With the intelligent development of mechanical equipment, high speed and heavy load have become the main characteristics of the modern mechanical system. Rolling bearings play a vital role in the operation of rotating machinery. They are widely used and easy to be damaged, thus it is necessary to monitor and diagnose their condition [1,2].

In the past few decades, studies on the evaluation of mechanical health status based on vibration signals have appeared frequently in the literature [3]. Generally, signal processing methods [4,5,6,7]—such as available time and frequency domain analysis, wavelet analysis, local wave analysis, and load identification in order to extract the signal characteristics and accomplish the goals of analysis and diagnosis, although the mechanical system is complex with interrelated subsystems—lead to the determination that the fault signal representation is not a one to one correspondence as it consists of various components, making traditional signal processing methods difficult for extracting effective features. However, data-driven deep learning methods can adaptively extract signal features and provide accurate diagnosis results. Therefore, deep learning-based methods of fault diagnosis have been applied more and more [8,9,10,11,12,13,14].

Despite the fact that deep learning has led to numerous research successes in the field of fault diagnosis, it is difficult to explain or visualize the process of result realization and output due to the layered architecture formed by stacking nonlinear processing units.

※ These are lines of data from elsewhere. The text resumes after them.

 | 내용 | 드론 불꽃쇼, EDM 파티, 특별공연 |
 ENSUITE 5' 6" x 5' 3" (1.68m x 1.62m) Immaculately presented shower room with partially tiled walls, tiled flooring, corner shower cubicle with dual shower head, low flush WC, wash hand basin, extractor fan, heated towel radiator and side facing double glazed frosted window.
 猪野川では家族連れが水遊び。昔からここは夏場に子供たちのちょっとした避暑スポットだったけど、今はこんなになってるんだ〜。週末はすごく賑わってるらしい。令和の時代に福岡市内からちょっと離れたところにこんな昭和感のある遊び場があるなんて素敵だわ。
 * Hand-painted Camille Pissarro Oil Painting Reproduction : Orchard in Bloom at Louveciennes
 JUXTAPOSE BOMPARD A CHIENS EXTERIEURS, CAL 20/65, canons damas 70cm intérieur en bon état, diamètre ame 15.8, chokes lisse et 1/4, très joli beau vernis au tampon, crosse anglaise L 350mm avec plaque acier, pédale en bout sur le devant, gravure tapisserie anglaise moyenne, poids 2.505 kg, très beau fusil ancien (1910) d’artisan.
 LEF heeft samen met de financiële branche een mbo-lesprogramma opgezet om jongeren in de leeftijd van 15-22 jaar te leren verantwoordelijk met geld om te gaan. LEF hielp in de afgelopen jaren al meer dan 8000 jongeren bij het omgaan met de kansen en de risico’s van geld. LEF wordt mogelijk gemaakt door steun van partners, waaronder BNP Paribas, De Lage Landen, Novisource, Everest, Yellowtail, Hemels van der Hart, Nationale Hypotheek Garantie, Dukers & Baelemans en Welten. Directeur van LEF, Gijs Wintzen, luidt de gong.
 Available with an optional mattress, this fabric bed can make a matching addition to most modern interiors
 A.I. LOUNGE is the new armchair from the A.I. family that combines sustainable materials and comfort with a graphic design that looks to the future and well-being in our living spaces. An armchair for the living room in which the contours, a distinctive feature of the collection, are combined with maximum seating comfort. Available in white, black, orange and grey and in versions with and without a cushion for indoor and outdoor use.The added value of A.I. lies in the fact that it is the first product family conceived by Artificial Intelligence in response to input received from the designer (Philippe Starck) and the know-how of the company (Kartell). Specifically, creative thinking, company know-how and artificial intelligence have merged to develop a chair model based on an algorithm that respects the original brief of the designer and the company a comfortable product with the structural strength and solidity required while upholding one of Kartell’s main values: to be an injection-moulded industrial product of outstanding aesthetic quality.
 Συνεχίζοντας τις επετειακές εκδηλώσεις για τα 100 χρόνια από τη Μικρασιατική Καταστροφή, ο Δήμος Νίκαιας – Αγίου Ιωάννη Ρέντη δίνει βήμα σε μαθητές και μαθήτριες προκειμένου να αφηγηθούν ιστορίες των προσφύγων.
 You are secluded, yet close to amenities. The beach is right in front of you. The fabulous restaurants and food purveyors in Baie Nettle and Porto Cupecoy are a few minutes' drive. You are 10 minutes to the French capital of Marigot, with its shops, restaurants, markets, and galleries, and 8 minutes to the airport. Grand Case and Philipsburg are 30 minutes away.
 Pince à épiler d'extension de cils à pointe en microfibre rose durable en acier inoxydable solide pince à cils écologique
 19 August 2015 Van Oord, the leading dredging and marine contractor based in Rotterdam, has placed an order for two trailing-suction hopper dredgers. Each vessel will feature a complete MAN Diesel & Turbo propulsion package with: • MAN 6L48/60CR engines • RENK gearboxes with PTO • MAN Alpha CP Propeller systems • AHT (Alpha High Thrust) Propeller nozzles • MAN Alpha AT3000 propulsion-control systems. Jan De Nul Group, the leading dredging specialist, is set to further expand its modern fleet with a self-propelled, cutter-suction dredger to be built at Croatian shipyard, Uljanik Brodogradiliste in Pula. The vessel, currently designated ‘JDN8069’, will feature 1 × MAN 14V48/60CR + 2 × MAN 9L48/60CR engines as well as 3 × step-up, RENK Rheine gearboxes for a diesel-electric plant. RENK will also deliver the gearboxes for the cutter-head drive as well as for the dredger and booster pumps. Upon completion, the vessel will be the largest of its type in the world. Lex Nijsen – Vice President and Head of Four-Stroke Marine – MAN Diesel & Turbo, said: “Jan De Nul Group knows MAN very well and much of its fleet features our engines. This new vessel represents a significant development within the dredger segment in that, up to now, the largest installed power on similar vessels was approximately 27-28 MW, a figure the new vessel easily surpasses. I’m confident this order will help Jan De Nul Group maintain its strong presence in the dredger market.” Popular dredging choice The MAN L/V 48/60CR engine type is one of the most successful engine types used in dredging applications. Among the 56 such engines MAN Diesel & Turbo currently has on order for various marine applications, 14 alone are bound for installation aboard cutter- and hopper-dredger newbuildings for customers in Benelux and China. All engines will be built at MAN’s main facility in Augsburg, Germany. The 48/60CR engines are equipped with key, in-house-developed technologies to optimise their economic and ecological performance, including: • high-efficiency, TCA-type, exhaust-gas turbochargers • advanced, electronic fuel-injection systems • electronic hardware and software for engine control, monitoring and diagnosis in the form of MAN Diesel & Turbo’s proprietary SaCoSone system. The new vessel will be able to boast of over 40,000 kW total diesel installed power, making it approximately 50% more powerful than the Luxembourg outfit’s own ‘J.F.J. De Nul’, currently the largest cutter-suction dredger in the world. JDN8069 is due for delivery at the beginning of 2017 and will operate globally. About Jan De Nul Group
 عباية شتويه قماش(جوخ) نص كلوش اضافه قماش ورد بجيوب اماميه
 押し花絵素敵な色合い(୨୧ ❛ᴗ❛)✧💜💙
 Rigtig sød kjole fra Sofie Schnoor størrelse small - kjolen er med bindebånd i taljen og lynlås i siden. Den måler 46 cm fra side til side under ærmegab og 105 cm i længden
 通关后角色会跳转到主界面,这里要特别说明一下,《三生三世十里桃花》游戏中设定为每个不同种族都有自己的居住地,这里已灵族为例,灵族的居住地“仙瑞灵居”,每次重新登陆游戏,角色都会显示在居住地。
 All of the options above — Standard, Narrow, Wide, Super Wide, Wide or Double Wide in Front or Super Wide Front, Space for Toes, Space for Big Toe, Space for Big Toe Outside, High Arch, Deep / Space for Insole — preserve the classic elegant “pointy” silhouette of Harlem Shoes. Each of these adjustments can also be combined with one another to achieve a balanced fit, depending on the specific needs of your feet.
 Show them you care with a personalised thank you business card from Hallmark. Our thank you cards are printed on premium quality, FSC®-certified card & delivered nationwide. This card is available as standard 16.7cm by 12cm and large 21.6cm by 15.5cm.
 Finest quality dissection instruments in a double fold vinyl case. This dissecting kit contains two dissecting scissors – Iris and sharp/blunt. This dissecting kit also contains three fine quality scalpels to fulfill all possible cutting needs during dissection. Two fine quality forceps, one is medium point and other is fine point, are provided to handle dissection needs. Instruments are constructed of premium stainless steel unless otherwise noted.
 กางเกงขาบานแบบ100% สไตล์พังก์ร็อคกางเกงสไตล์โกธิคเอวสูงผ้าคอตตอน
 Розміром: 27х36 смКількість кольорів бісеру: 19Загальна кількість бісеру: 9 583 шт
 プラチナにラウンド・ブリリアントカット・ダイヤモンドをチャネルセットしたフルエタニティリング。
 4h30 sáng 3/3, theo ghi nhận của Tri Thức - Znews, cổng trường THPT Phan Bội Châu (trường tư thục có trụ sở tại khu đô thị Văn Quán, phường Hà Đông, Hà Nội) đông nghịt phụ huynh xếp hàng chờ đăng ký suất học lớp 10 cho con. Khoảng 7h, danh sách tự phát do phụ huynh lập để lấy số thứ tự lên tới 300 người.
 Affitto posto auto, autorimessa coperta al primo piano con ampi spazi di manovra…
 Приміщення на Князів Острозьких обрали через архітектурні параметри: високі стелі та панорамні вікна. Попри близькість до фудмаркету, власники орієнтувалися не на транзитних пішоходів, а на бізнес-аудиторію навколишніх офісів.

Moreover, the model has weak explanatory power; thus, it is called the “black box” method [15]. The deep model’s potential for use in industrial field equipment fault diagnosis is severely limited as a result. Therefore, some researchers try to add attention mechanisms to the network in order to explore the interrelationship of data in the black box and hidden features that are currently difficult to find.

At present, the attention mechanism has been widely applied in the fields of text translation [16], speech recognition [17], document classification [18], etc. In the field of fault diagnosis, Li et al. [19] searched for important feature segments of signals by combining neural networks and attention mechanisms. Yang et al. [20] improved the interpretability of networks by combining the convolutional neural network model of the recursive gated unit and attention mechanism, and its visualization effect was verified on bearing datasets. According to the classification of literature [21], the above attention mechanisms are classified as soft attention. This kind of algorithm uses the weighted average of all the hidden states of the input sequence to construct the content vector. The application of the soft weighting method makes it easy for neural networks to learn effectively by back propagation, but it also leads to the cost of a second calculation. Xu et al. [21] proposed the hard attention model, in which the content vector is calculated by sampling the hidden state according to the probability of the input sequence, which significantly reduces the cost of calculation. However, its framework is not differentiable, and it cannot use the back propagation method for the iterative calculation. To achieve gradient back propagation, the Monte Carlo Sampling method is used to estimate the gradient of modules. Vaswani et al. [22] creatively proposed that the Transformer’s attention structure replaces RNN, which can be processed in parallel to achieve higher computational efficiency and solve the problem of long sequence gradient disappearance. However, it requires computing the relationship between pairs of sequences, which consumes more computing resources.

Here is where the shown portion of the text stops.